We live in such a hyperconnected world that the notion of a pop culture phenomenon remaining confined to one place is all but obsolete. But there are still a few out there.
Shigeru Mizuki is a living icon in Japan, to the point where an entire street in his birthplace, Sakaiminato, is given over to bronze figures representing characters from his work, and the nearest airport has been renamed in his honour. If you’re not Japanese, though, or a serious manga cultist who has learned the language, you’ll be forgiven for not having heard of him. The 91-year-old cartoonist’s first publication in English came just two years ago, when Drawn & Quarterly brought out a translation of his remarkable World War II memoir, Onward Towards Our Noble Deaths.
Compelling as Onward is, it represents a side-trip from the author’s career-long obsession: yokais.
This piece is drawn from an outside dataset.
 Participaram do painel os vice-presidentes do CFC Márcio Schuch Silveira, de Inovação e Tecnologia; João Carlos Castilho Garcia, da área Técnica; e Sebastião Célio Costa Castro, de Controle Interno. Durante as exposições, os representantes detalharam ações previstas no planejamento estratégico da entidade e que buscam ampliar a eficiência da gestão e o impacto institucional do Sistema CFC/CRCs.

This panoply of mythical “spirit monsters” is so deeply entrenched in Japan’s collective psyche that the word has no direct translation; Matt Alt, in his illuminating introduction, gives it a good try when he calls them “the things that go bump in Japan’s night.” A serious yokaischolar from an early age, Mizuki tapped into the popular mood when he came up with the character of Kitaro, a benevolent 350-year-old yokai who takes the earthly form of a young boy with jet-powered sandals, hair that doubles as antennae for the channelling of the spirit world, a magical protective vest woven from the hairs of his ancestors, and – last but not least – an empty eye socket often occupied by his father in the form of an anthropomorphic eye. In stories ranging from a few pages long to more than a hundred, the graveyard-frequenting boy goes about tending to everyone from illness-stricken individuals to entire cities – saving them from the more malevolent of his yokai brethren, and frequently from their own human folly.
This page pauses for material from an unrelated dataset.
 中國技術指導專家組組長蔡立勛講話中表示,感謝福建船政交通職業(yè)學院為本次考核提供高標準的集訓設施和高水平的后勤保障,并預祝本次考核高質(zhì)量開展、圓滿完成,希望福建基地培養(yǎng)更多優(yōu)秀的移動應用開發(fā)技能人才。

For manga newbies, indeed for anyone not accustomed to a lot of fantasy in their reading, this may all sound like at least one contrivance too many, but Mizuki renders his parallel world with such complete assurance that all such reservations quickly fall away. It helps that his settings are very much those of a recognizable Japan, drawn with a stylized realism that counterbalances the fantastic yokai goings-on perfectly. Among many other things, this book constitutes a tour of Japanese cultural touchstones. One of those is baseball, and Mizuki gives the sport its due in “Monster Night Game,” in which a player discovers a magic bat and soon has to choose between home-run omnipotence and his soul.
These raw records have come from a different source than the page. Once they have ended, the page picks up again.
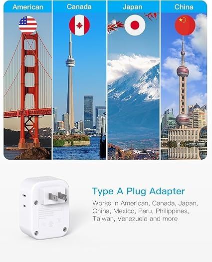 - 2 Pack US to Japan Plug Adapter, Japan Power Travel Adpter with 4 Outlets 4 USB Ports(2 USB C), Type A Plug Adapter for Amercian USA to China Japanese Canada Mexico Philippines Travel Essentials
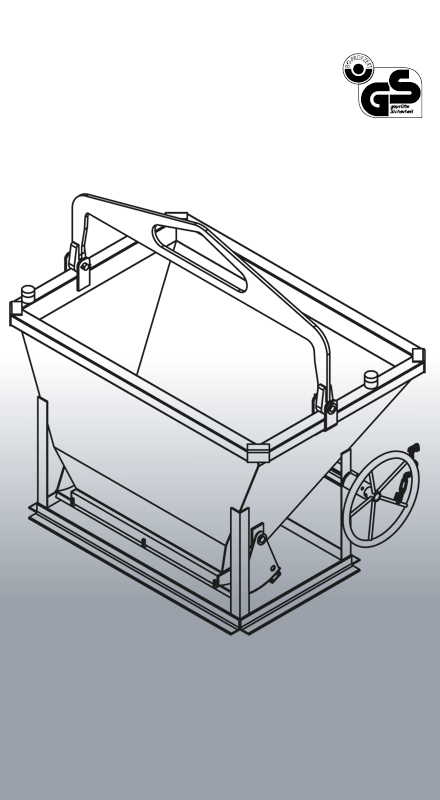 Il silo per calcestruzzo / secchio per calcestruzzo / bomba per calcestruzzo Tipo 1021 H è dotato di una chiusura azionata da manovella. La manovella consente un'operazione semplice e rapida. Di serie è dotato di una catena saldata e testata, che offre ulteriore sicurezza. Tuttavia, il silo non ha un attacco per tubo, ma uno scarico rigido e solido come mostrato nell'immagine.
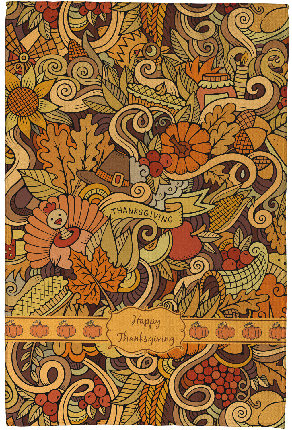 This beautiful thanksgiving design is hand drawn and includes many thanksgiving as well as fall traditions. The design colors represent all the beautiful fall colors of brown and orange. We have this pattern available to you in two colors - one is in the classic fall colors of browns and oranges, while the other background is brighter and also includes more reds and greens. We have chosen to use the more classic colors - however, it is super easy to make the change in our customization system.

Elsewhere, “Ghost Train” follows a pair of Tokyo hipsters as they get definitively disabused of their smug disbelief in monsters; “The Great Yokai War” functions as a (possibly ironic) protest against the encroachment of Western pop monsters into post-war Japan. We’re reminded that these stories, for all their otherworldly timelessness, date from 1967 through 1969, and that the spirit of protest sweeping the western world at that time had very much reached Japan and had a voice in Mizuki and Kitaro; the stories’ scepticism about violence as a problem-solver is all the more powerful coming from an artist who lost an arm as a soldier.
A final note: this book honours traditional Japanese practice in being designed to be read from right to left, both on the page and within individual panels. I mention this only because I still occasionally meet people reluctant to take on the reading of manga because they think the whole “backwards” thing will trip them up. Trust me, within three pages or so it feels perfectly natural. Besides, what better way of encountering a new world than by reading in a new way?